The U.S. fixation on China's currency is "old" and it is time the debate moved on to more important issues such as trade and market access, said Stephen Roach, the former Non-Executive Chairman of Morgan Stanley Asia.
The argument over the value of the yuanreflects the old structure of China as a "powerful export machine" and U.S. as a consumer of those exports, said Roach, now a Senior Fellow at Yale University's Jackson Institute of Global Affairs.
This is no longer the case and the two nations should push for the opening of markets as both seek new ways to grow their economies, Roach told CNBC Asia's "Squawk Box" on Thursday.
While China is moving to become a consumer-led economy, the opposite is happening in the U.S. where the consumer is on ice and the country is looking for a new source of growth, Roach added.
"So we need to look at a different agenda here.
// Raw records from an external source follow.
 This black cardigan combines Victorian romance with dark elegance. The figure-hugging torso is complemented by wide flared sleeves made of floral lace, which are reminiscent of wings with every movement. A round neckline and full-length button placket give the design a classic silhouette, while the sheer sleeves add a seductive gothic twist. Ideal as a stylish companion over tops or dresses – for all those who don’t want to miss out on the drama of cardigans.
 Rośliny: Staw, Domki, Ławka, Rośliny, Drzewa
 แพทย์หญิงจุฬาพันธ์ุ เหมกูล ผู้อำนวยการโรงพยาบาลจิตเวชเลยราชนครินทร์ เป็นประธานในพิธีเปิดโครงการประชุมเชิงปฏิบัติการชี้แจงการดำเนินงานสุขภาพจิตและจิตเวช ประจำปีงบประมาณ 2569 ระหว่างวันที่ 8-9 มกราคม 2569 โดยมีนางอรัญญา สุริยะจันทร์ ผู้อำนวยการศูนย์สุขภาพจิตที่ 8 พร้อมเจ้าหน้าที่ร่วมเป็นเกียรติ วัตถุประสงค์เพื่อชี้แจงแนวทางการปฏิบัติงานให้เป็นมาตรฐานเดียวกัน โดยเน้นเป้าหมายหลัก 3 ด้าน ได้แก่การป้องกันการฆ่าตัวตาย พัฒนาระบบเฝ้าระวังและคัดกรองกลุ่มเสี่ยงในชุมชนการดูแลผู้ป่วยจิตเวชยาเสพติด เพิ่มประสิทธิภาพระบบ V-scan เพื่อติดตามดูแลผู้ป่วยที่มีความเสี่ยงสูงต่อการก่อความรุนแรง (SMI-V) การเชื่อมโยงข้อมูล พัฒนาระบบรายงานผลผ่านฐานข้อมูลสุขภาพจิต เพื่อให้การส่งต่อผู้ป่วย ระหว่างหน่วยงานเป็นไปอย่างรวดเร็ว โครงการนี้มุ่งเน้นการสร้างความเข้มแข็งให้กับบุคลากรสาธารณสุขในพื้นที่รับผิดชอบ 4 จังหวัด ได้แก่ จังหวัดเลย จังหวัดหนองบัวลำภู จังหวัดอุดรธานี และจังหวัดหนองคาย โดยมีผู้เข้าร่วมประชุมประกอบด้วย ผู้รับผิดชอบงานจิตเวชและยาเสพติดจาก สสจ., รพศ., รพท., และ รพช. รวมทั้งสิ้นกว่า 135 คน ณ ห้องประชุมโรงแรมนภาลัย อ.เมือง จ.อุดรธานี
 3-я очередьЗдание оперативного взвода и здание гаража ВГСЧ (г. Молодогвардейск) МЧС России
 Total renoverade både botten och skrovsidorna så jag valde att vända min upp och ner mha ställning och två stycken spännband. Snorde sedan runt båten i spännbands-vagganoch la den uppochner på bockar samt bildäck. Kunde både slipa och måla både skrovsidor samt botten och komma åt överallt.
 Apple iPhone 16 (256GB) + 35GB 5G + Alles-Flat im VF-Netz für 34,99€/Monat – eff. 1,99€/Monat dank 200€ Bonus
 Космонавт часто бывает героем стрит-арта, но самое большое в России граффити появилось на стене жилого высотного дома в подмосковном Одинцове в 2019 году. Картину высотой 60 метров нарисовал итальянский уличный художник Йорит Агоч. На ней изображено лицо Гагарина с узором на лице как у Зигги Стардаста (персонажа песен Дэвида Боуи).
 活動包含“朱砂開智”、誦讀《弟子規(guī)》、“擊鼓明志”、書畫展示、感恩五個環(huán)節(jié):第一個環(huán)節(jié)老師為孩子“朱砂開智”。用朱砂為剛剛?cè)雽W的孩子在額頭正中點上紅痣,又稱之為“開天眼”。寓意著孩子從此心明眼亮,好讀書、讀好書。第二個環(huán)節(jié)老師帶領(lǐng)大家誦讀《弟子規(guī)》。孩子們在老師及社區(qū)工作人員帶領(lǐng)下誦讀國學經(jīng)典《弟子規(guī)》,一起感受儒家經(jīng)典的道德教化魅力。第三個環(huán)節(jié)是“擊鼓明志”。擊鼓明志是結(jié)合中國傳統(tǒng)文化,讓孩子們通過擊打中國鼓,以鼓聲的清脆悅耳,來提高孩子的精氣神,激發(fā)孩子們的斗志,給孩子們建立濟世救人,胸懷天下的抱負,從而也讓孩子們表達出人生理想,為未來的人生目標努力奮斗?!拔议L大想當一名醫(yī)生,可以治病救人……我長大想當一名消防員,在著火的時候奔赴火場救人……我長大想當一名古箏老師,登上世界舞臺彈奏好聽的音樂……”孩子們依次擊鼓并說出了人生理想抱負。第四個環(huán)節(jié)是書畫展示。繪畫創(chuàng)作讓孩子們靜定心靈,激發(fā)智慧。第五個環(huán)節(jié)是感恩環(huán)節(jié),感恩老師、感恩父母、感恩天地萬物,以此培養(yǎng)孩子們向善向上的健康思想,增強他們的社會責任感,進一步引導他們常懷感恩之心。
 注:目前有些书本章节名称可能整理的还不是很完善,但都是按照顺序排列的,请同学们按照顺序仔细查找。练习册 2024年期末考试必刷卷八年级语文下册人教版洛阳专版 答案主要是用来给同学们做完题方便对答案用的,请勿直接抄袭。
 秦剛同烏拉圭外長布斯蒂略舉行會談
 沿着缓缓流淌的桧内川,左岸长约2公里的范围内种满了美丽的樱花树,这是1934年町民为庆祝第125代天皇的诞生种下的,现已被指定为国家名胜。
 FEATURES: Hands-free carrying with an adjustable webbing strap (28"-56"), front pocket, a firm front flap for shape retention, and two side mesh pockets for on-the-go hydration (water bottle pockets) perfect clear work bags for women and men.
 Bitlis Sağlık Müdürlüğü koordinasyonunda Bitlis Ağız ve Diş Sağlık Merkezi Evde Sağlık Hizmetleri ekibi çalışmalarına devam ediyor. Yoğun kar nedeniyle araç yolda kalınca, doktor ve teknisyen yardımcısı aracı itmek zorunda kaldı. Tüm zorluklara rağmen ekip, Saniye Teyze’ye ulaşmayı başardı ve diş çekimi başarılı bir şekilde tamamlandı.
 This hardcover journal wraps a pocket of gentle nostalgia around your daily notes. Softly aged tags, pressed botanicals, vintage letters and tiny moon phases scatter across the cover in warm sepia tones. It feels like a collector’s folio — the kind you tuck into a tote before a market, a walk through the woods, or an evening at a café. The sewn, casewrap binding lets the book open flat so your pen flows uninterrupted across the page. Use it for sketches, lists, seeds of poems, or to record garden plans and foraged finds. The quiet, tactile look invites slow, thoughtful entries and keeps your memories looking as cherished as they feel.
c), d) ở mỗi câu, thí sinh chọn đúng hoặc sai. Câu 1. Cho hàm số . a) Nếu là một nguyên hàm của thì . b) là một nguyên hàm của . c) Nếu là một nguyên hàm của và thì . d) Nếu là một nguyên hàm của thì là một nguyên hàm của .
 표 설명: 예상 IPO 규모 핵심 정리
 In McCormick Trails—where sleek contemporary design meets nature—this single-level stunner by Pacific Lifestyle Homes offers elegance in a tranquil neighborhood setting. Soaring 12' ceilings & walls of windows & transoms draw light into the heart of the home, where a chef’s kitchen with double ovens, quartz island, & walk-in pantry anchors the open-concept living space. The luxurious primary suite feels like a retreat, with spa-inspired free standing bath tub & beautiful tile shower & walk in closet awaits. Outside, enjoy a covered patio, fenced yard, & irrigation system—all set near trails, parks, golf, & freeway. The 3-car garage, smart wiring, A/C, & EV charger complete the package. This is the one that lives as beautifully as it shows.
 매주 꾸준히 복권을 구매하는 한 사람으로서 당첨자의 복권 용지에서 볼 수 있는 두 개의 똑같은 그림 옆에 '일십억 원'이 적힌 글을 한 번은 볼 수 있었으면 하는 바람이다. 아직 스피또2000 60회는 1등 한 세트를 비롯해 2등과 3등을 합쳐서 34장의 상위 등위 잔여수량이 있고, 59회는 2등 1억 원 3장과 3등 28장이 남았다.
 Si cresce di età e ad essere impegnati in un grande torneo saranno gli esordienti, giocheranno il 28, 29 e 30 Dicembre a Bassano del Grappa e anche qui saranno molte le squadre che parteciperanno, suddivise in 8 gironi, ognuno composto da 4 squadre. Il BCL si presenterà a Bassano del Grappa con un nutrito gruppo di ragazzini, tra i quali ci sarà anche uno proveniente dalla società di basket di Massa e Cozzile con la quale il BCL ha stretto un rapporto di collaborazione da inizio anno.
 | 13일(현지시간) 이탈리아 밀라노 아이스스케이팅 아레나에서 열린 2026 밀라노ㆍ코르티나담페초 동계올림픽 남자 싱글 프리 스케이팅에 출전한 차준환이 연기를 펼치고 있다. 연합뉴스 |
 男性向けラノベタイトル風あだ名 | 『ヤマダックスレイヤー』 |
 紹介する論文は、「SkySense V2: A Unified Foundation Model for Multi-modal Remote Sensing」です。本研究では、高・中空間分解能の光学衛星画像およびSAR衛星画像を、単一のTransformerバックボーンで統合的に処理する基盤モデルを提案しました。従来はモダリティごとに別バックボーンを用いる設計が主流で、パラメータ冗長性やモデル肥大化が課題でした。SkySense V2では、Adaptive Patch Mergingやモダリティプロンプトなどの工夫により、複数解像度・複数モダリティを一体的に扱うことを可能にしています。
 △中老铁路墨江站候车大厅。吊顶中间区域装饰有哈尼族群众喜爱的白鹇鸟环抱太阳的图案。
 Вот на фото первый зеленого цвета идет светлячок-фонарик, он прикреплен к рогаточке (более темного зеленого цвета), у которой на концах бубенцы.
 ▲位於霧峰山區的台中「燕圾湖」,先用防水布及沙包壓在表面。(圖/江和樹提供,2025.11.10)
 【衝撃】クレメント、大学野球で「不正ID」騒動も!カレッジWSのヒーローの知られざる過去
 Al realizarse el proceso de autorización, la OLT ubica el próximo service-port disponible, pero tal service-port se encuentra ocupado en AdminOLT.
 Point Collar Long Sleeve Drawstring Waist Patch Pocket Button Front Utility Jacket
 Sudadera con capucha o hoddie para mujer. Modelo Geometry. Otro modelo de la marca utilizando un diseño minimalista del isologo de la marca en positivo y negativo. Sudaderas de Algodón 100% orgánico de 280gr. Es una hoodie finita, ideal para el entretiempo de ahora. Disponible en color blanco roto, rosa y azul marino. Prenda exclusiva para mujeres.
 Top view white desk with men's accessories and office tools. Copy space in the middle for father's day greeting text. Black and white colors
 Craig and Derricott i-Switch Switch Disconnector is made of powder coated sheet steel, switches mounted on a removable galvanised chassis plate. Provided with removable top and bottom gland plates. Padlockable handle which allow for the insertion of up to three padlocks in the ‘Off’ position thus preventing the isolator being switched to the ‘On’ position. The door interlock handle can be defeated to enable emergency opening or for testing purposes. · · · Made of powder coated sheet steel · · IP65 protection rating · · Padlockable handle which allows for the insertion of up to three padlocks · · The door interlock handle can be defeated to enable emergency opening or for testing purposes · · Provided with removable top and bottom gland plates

America is really good at competing if it has access to external markets. The Chinese have enormous appetite for technology, for innovation and goods made in America and I think we need to have a chance to make sure that we crack those markets open," he said.
U.S. Treasury Secretary Timothy Geithner, who is in Beijing with Secretary of State Hilary Clinton for annual talks said Thursday that both countries must compete on a level playing field in order for global trade to thrive while also reiterating calls for a stronger yuan.
But the yuan issue, says Alistair Thornton, China Economist at IHS Global Insight, is "less of an argument" now.
"The U.S. has less of a leg to stand on," Thornton told CNBC Asia's "The Call". "The trade surplus has come down considerably. There's clearly a lot less pressure on appreciation, and they just widened the band."
The Chinese government in mid-April widened the daily trading band of the yuan from 0.5 percent to 1 percent, and China's trade surplus narrowed to 2 percent of gross domestic product last year from 3.1 percent in 2010.
According to Roach as China rebalances its economy it provides new growth opportunities for the U.S., which should see China for what it's going to look like over the next 30 years and help it achieve that rebalancing by providing goods and services. "I think it fits the U.S. and its attributes and skills very, very closely."